Peran Ayah dalam Pendidikan Kejujuran dan Maaf

Peran ayah dalam mendidik anak –termasuk memohon ampun bagi anaknya— dicontohkan melalui berbagai kisah para Nabi .-foto: net-
Orang yang menzhalimi wajib membayar kafarah kepada orang yang telah dizhaliminya serta memberitahukan kezhaliman apa yang telah diperbuat dengan kadarnya.
Lalu tentang kafarah, apakah kafarah mutlak (membayar denda seadanya) ini bermanfaat bagi pelakunya juga atau hanya korban?
Maka disini terdapat perselisihan pendapat, tetapi yang shahih adalah kafarah tersebut seharusnya tidak bermanfaat bagi pelaku.
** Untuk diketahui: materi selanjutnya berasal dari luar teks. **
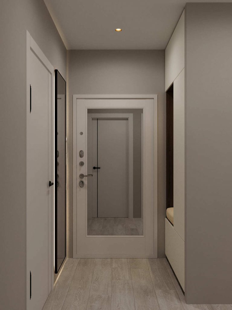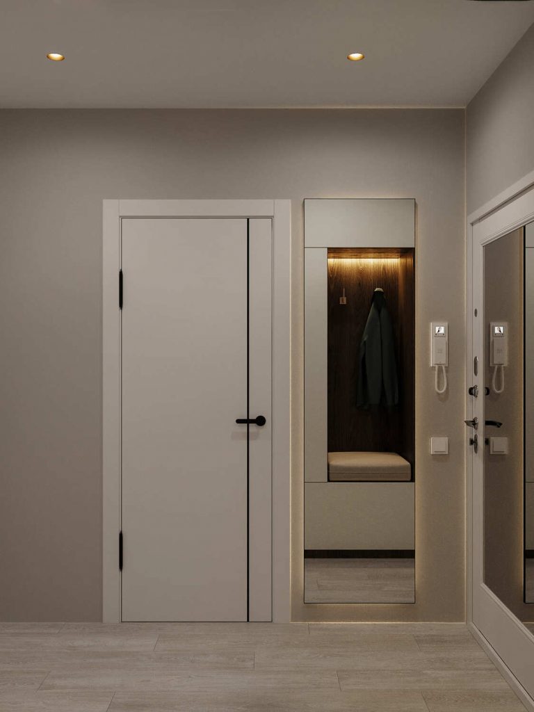 Панели с матовым покрытием на стенах помогают создать элегантную атмосферу, а встроенные светильники идеально дополняют общую картину. Несмотря на компактность, прихожая визуально расширяется за счет зеркала, которое делает пространство более воздушным. Это решение отражает общий стиль квартиры — современный и минималистичный, с акцентом на удобство и практичность.

Sebab, ketika orang yang dzhalimi mengetahui kadar kezhaliman yang menimpanya, tentu hatinya tidak tenang dengan apa yang telah diterimanya.
Dalam hadis Shahih Bukhari, diriwayatkan dari Abu Hurairah RA, dia berkata, “Rasulullah ﷺ bersabda:
“Barang siapa yang pernah menzhalimi saudaranya, baik dalam hal kehormatan atau sesuatu yang lain, hendaklah ia meminta dihalalkan (dimaafkan) oleh saudaranya itu hari ini juga, sebelum datang hari di mana tidak ada lagi dinar dan dirham. Jika ia memiliki amal saleh, maka akan diambil darinya sesuai kadar kezhalimannya. Dan jika ia tidak memiliki amal baik, maka dosa orang yang dizhalimi itu akan dipindahkan kepadanya.” (HR. Bukhari, no. 2449).
Dalam kitab tafsirnya, Tafsir al-Qur’an al-‘Azhim (jilid 4 hlm 311-312), Ibnu Katsir menyertakan perkataan seorang sahabat, yaitu Muharib bin Ditsar yang berbunyi:
“Ibnu Jarir berkata: Telah menceritakan kepadaku Abu As-Sa’ib, ia berkata: Telah menceritakan kepada kami Ibnu Idris, ia berkata: Aku mendengar Abdurrahman bin Ishaq, meriwayatkan dari Muharib bin Ditsar, ia berkata:
“Pamanku biasa datang ke masjid dan mendengar seseorang berdoa: ‘Ya Allah, Engkau telah menyeruku, maka aku pun memenuhi panggilan-Mu. Engkau telah memerintahku, maka aku pun menaati. Dan kini telah tiba waktu sahur, maka ampunilah aku.”
Lalu ia memperhatikan suara itu, ternyata berasal dari rumah Abdullah bin Mas’ud. Maka ia bertanya kepada Abdullah tentang hal itu, dan ia menjawab:
“Sesungguhnya Nabi Ya’qub menunda permintaan ampun untuk anak-anaknya hingga waktu sahur, sebagaimana ucapannya: ‘Aku akan memohonkan ampun kepada Tuhanku.” (QS: Yusuf: 98)
Ibnu Katsir juga menyertakan sebuah riwayat disebutkan bahwa Nabi Muhammad ﷺ bersabda: “Nabi Ya’qub menunda doa hingga malam Jumat.”
Riwayat ini dinukil dari jalur Said bin Jubair dari Ibnu Abbas. Namun,menurut Adz-Dzahabi hadis ini berstatus munkar syadz. Hal ini menunjukkan bahwa waktu dipilih bukan secara sembarangan, tetapi karena kemuliaan malam Jumat sebagai waktu dikabulkannya doa.
Ibnu Katsir mengatakan bahwa sebagian mufasir menyebutkan bahwa beliau menunda doa itu agar waktu taubat mereka lebih lama, sehingga rasa penyesalan mereka semakin dalam dan mereka benar-benar ikhlas. Ada pula yang mengatakan bahwa penundaan ini dimaksudkan agar mereka semakin merasakan beratnya dosa yang mereka perbuat.
Kejujuran dan Maaf: Pelajaran dari Nabi Ya’qub
Hubungan antara ayah dan anak adalah fondasi penting dalam pendidikan akhlak, terutama dalam menanamkan nilai kejujuran. Dalam kisah Nabi Ya’qub dan anak-anaknya yang terekam dalam Surah Yusuf ayat 97–98, kita menemukan potret luar biasa tentang bagaimana kejujuran, penyesalan, dan pengampunan dibentuk dalam ikatan keluarga.